京阪神地域の都市再生に向けて

〜住みたい街、訪れたい街、働きたい街〜

 

平成12年11月30日

都市再生推進懇談会(京阪神地域)


目 次

1.はじめに

2.京阪神地域の危機的状況

(1)京阪神地域の活力の低下
(2)都市構造上の基本的課題
(3)都市再生の意義

3.都市再生の基本的視点

4.プロジェクトの提案

(1)地域の財産を生かした活力の再生
(2)歴史と自然を生かしたまちづくり
(3)既成市街地の再構築
(4)都市基盤の整備

5.事業手法・制度改善の提案

6.多様な主体の連携と協調

7.終わりに


 

1.はじめに

京阪神地域は、西日本の政治・経済・文化の中心であり、我が国を代表する大都市圏として、東京圏と並び日本の発展を牽引してきた。

 しかしながら、東京圏への一極集中の進展などにより徐々に経済的活力を失ってきた京阪神地域は、今日、絶対的衰退の淵に立たされているといって過言ではない。
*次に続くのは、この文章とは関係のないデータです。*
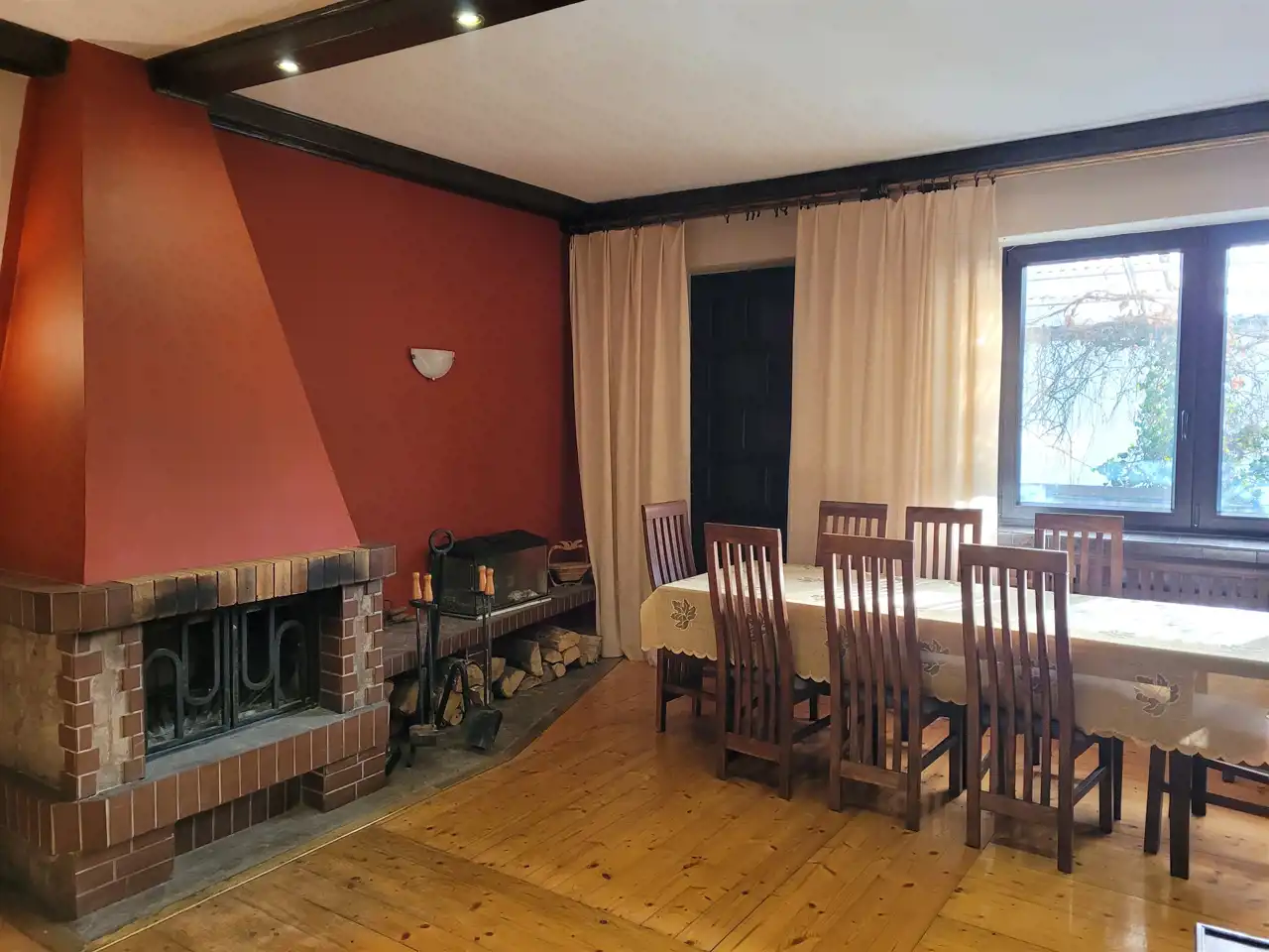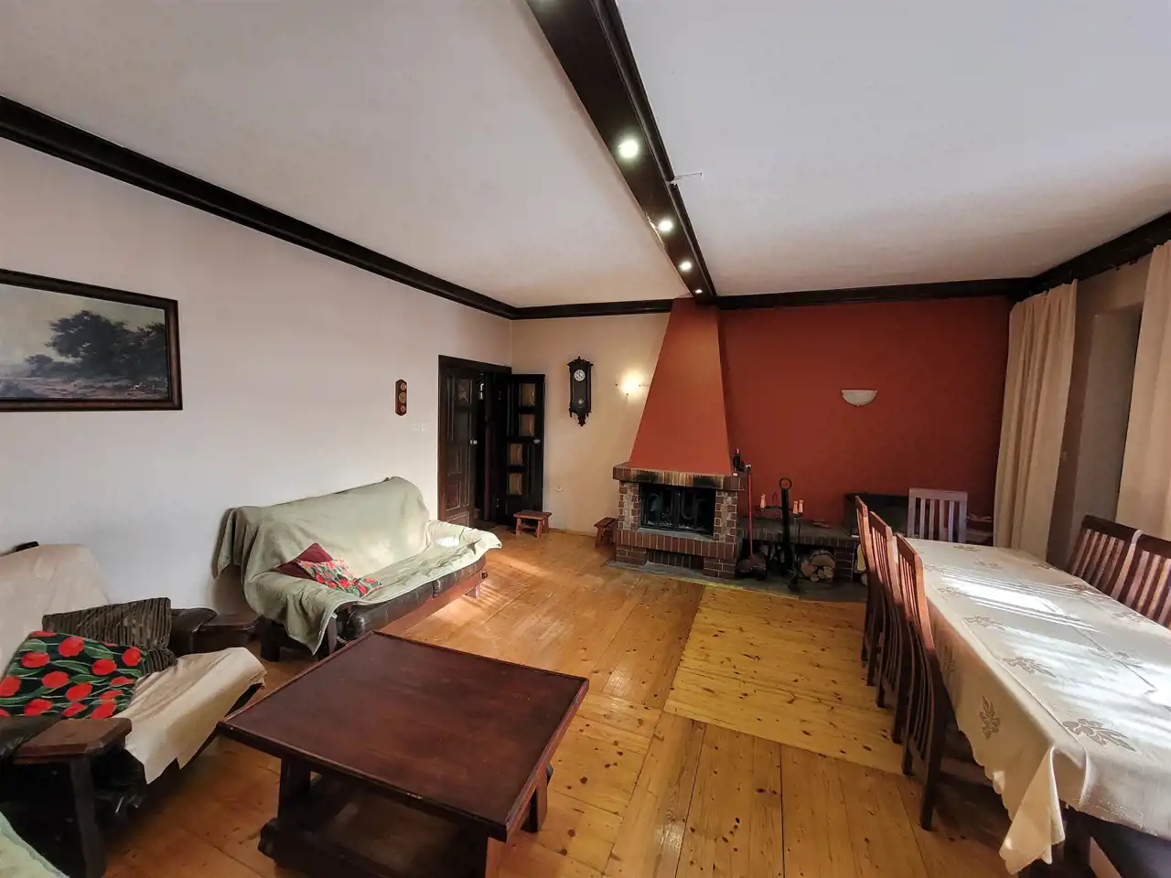 PARTER- wiatrołap, przestronny korytarz z dużą szafą, kuchnia z jadalnią, duży- reprezentacyjny salon z kominkiem i wyjściem na taras, wc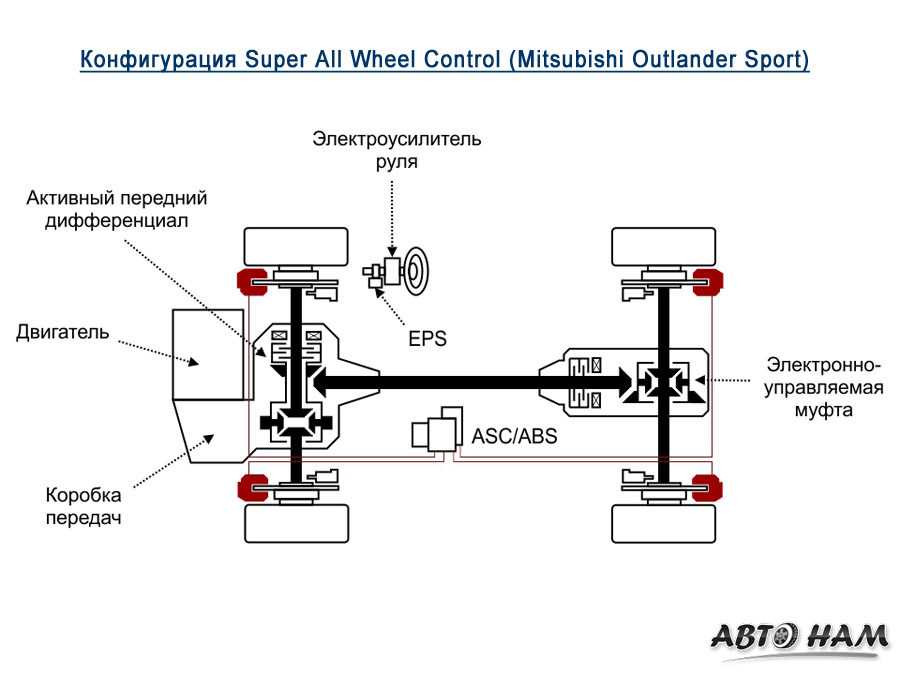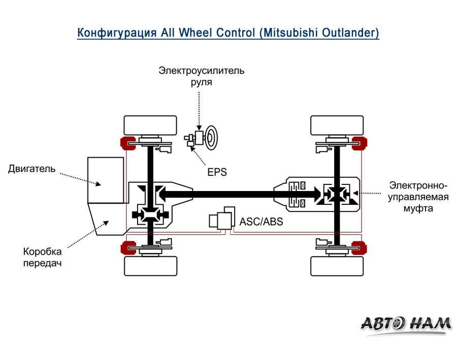 Система All Wheel Control (AWC) представляет собой переднеприводную конфигурацию, в которой задняя ось подключается с помощью управляемой электроникой электромагнитной муфты. Назад может направляться до 50 % тяги. Существует три режима работы привода AWC – ECO, Auto и Lock. В экономичном режиме весь крутящий момент по умолчанию передается на переднюю ось, а задняя задействуется только при пробуксовке. Режим Auto распределяет усилие оптимальным образом, исходя из получаемых электронным блоком данных (скорости колес, положения педали акселератора). Режим блокировки увеличивает количество передаваемого на задние колеса крутящего момента, что гарантирует уверенный разгон и более стабильное поведение на нестабильной поверхности. Главное отличие Lock от Auto заключается в том, что задние колеса изначально получают больше тяги независимо от того обнаружено ли проскальзывание или нет.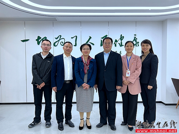 ▲捐赠仪式后,长沙市工商联副主席田桂元(左三),迪姆锦源董事长吴余生(右三)等与医院领导合影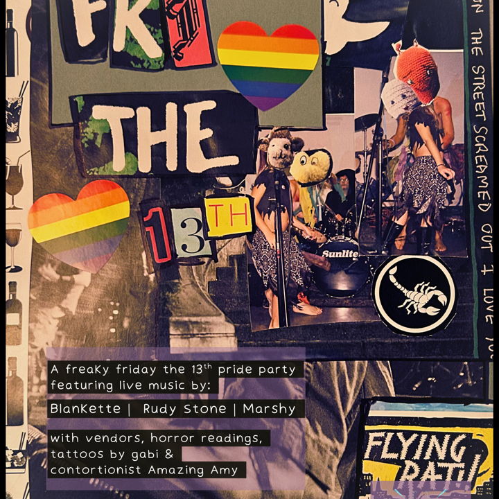 Friday the 13th: PRIDEBlankette | Rudy Stone | Marshy Vendors + Tattoos by Gabi Pop up Horror readings & Amazing Amy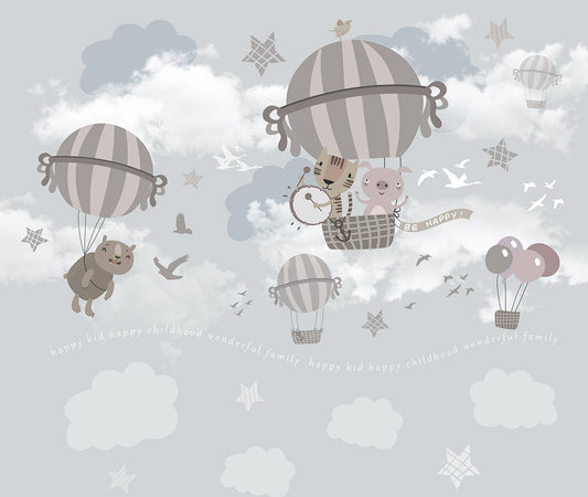 Soft Tonlar'da Uçan Balon İçerisinde ki Hayvanlar 3D Duvar Kağıdı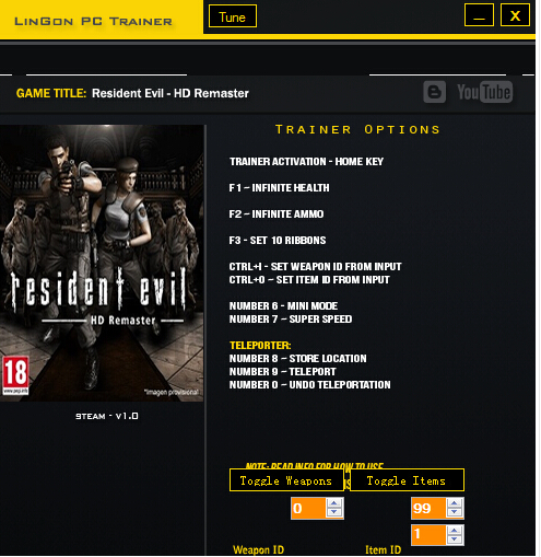 生化危机HD重制版十项修改器使用说明

 折りしも、我が国経済の新生のためには、都市構造を抜本的に再編し、21世紀にふさわしい機能を備えた都市に再生していくことが不可欠の条件であるとの認識が示されるようになった。京阪神地域においても、今こそ都市に目を向け、世界的な規模で人、マネー、情報などが行き交う、生き生きとした都市空間を創造していかなければならない。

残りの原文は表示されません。